▸ **Requirement**:
From the line that contains "Christmas Children's Sports" down to the last line of the entries, repeat every line exactly. Do not carry over the pictures.

(Items from a data source)

###

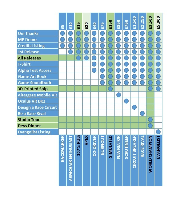the forthcoming multiplayer demo and access to a digital download of the 1st release, expected to include 3 worlds with 3 tracks each. Push the boat out further however and you could grab a custom 3D printed Altergaze unit, Dinner with the developers or a customized Oculus Rift DK2. For a breakdown of the rewards associated with the tiers, Tanmeka have provided this handy matrix on the right (click for larger view).
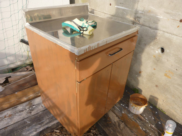 古びた乳白色のステンレス台を茶色く塗った。これは非常に上手く行った。もう、これで充分に庭におけるレベルやん!と。
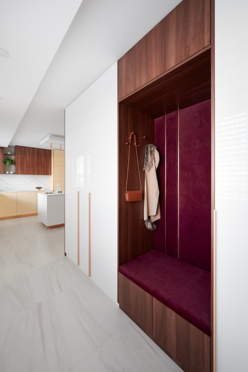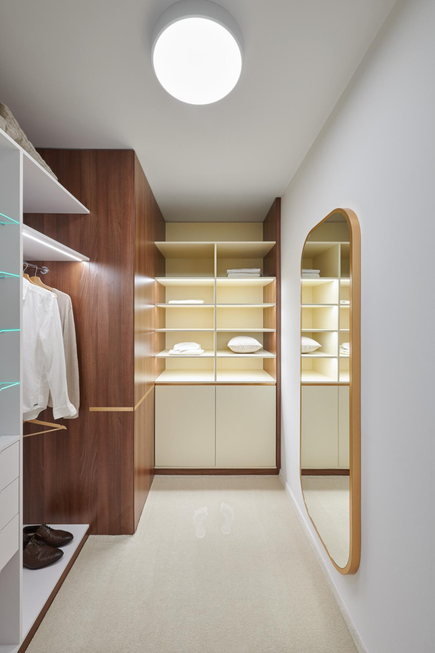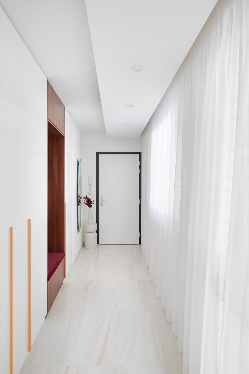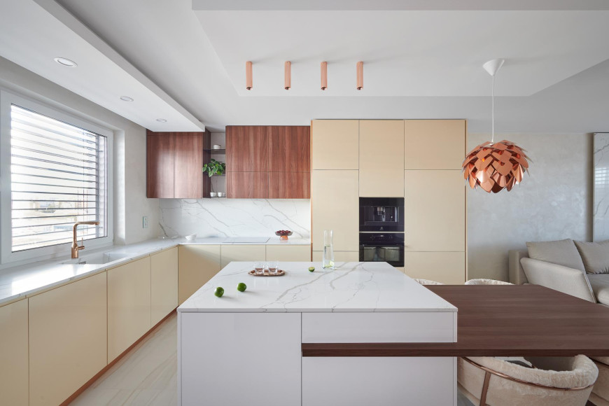 Pri vytváraní interiéru tohto bytu dominuje použitie dyhovania v kombinácii so striekaním, čo vytvára jedinečný a moderný dizajn. Kuchynská pracovná doska je vyrobená z umelého kameňa Technistone, pričom na tomto projekte sme úzko spolupracovali s externou firmou. Táto kombinácia materiálov a spolupráca s odborníkmi umožňuje dosiahnutie vysokého štandardu kvality a estetiky, čím sa zabezpečuje vytvorenie nadčasového a funkčného interiéru pre našich klientov.
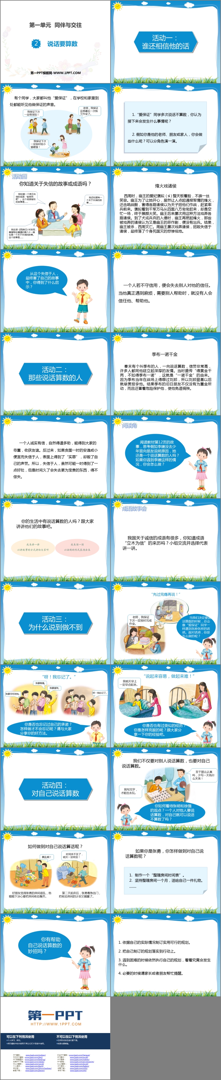 《说话要算数》PPT课件包含课堂活动、阅读角、成语故事会等内容。
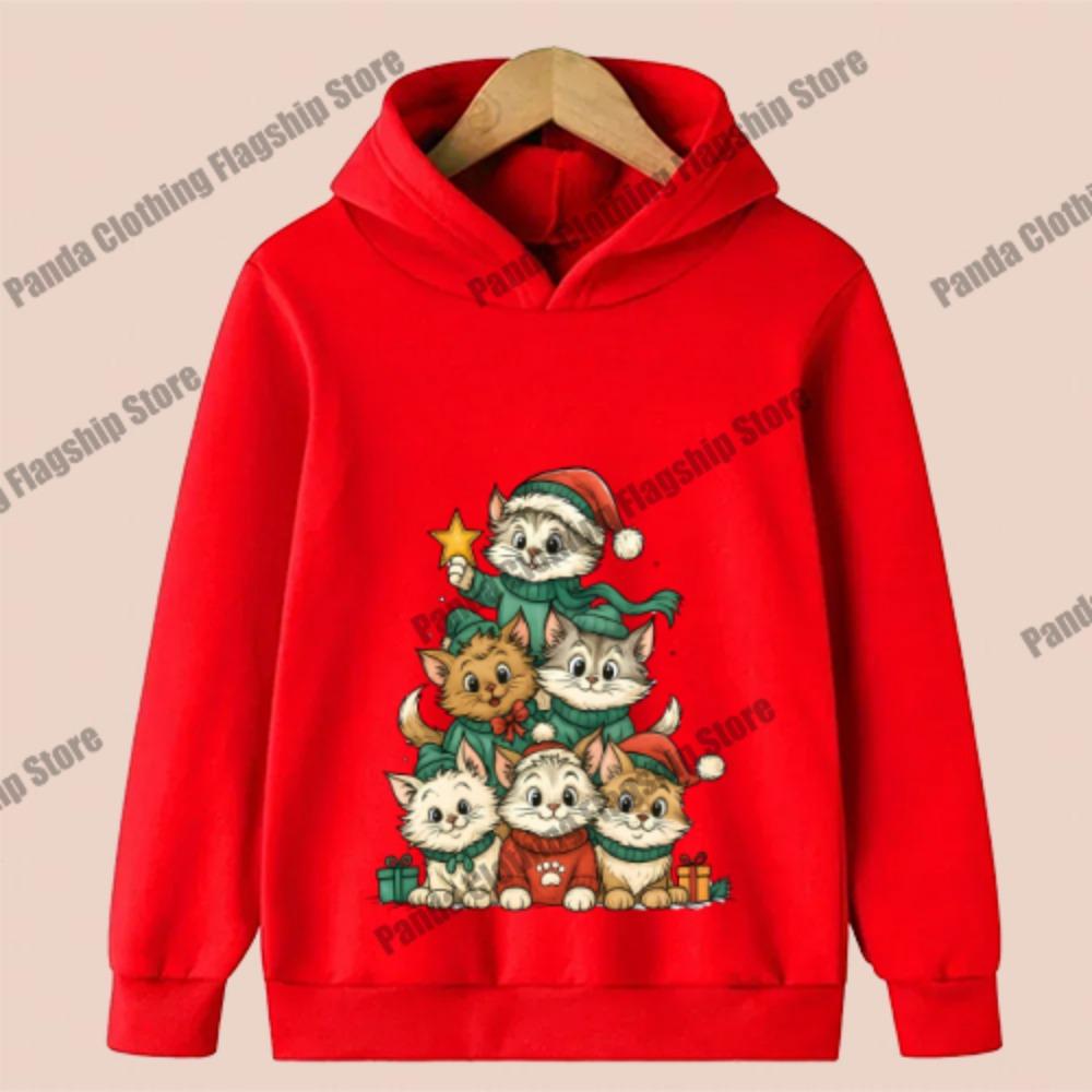 Christmas Children's Sports Hoodie with Christmas Cat Print, Simple Casual Sweatshirt for Boys and Girls, a Holiday Gift.
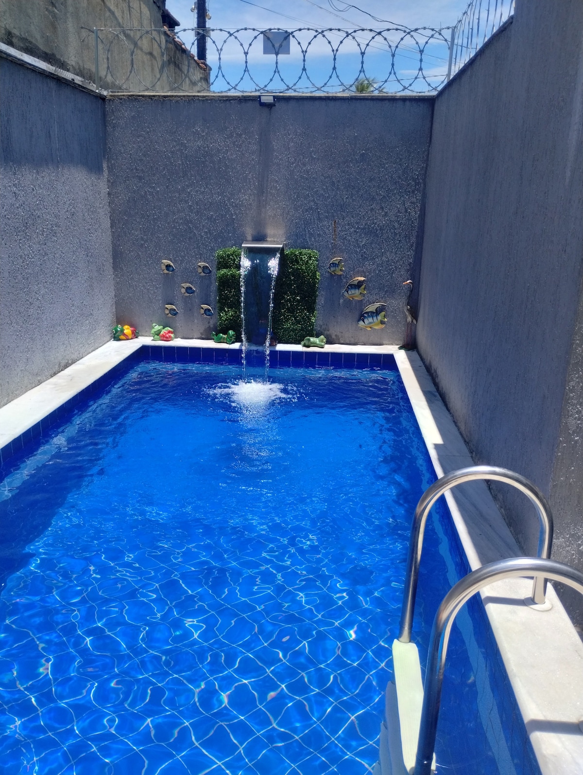 해변에서 700m 떨어진 아름다운 숙소로 2개의 침실이 있으며 1개는 스위트룸이고 두 번째 침실에는 더블 및 싱글 매트리스 2개가 있습니다. 걱정할 필요가 없는 완비된 주방/스마트 TV가 있는 거실에서 귀하의 계정으로 유튜브와 넷플릭스를 즐길 수 있습니다. 거실과 두 개의 침실에 천장형 선풍기가 설치되어 있어 항상 시원합니다. 욕실, 수영장에는 아름다운 폭포가 있습니다. 램프가 있는 바비큐 시설, 차량 4대용 차고, 콘서티나 벽, 보안 카메라 및 무료 와이파이가 있습니다.
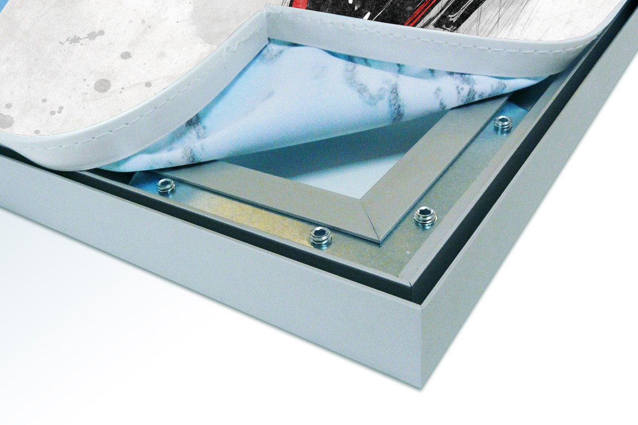 Het aluminium XL Wall Art frame is vanaf de zijde gezien 25 mm hoog, vanaf de voorzijde van de XL Wall Art zie je slechts een aluminium rand van circa 1 mm. De print wordt d.m.v. de sublimatie methode in en op het XL Wall Art doek (220 grams decostof) aangebracht en waarna het doek aan de achterzijde wordt voorzien van een rubber pees. Hierdoor is het werk gemakkelijk in het XL Wall Art frame te plaatsen.

###

▸ **Result**:
 Christmas Children's Sports Hoodie with Christmas Cat Print, Simple Casual Sweatshirt for Boys and Girls, a Holiday Gift.
 해변에서 700m 떨어진 아름다운 숙소로 2개의 침실이 있으며 1개는 스위트룸이고 두 번째 침실에는 더블 및 싱글 매트리스 2개가 있습니다. 걱정할 필요가 없는 완비된 주방/스마트 TV가 있는 거실에서 귀하의 계정으로 유튜브와 넷플릭스를 즐길 수 있습니다. 거실과 두 개의 침실에 천장형 선풍기가 설치되어 있어 항상 시원합니다. 욕실, 수영장에는 아름다운 폭포가 있습니다. 램프가 있는 바비큐 시설, 차량 4대용 차고, 콘서티나 벽, 보안 카메라 및 무료 와이파이가 있습니다.
 Het aluminium XL Wall Art frame is vanaf de zijde gezien 25 mm hoog, vanaf de voorzijde van de XL Wall Art zie je slechts een aluminium rand van circa 1 mm. De print wordt d.m.v. de sublimatie methode in en op het XL Wall Art doek (220 grams decostof) aangebracht en waarna het doek aan de achterzijde wordt voorzien van een rubber pees. Hierdoor is het werk gemakkelijk in het XL Wall Art frame te plaatsen.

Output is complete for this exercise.